YOU ARE NOT ALONE: A Conversation with Christopher Ropes on Stigmas, Writing, and Mental Illness. “Writing is not easy for me to begin with because I dredge up all my own demons in my stories. When you have mental health issues, you have some pretty terrifying demons to encounter. I think we all face down those demons to some extent in our writing, even those writers who are writing more to entertain than to create an abiding sense of terror or awe. Human life is a process of coming to terms with those things that frighten and hurt us. I just go through that process in a very raw way that can sometimes actually damage me more in the process. . . . Possibly the best reason for creating art for mentally ill creators is that some other mentally ill person can look at, listen to, read, watch that art and say, ‘Someone out there sees me, hears me. I am not alone.’ Never underestimate that power.”
Speaking of books, reading, writing, and horror fiction, now see this: Mannequin: Tales of Wood Made Flesh, “an anthology celebrating the uncanny realm of the living inanimate.
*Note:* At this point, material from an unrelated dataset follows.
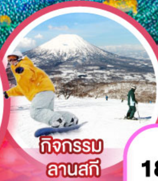
กิจกรรม ลานสกี

เดินทาง 18-23, 21-26 ก.พ. 68 14-19, 20-25 ก.พ. 68

Featuring tales of dolls, mannequins, statues, and other varieties of humanoid horror, Mannequin explores the intersection between artificiality and life through a stunning variety of writers both established and new.” Featuring stories by Ramsey Campbell, Michael Wehunt, Christine Morgan, Richard Gavin, Kristine Ong Muslim, Nicholas Day, Austin James, William Tea, Duane Pesice, S. L. Edwards, Matthew M. Bartlett, S. E. Casey, Justin A. Burnett, Daulton Dickey, C. P. Dunphey, and Jon Padgett. Introduction by Christopher Slatsky.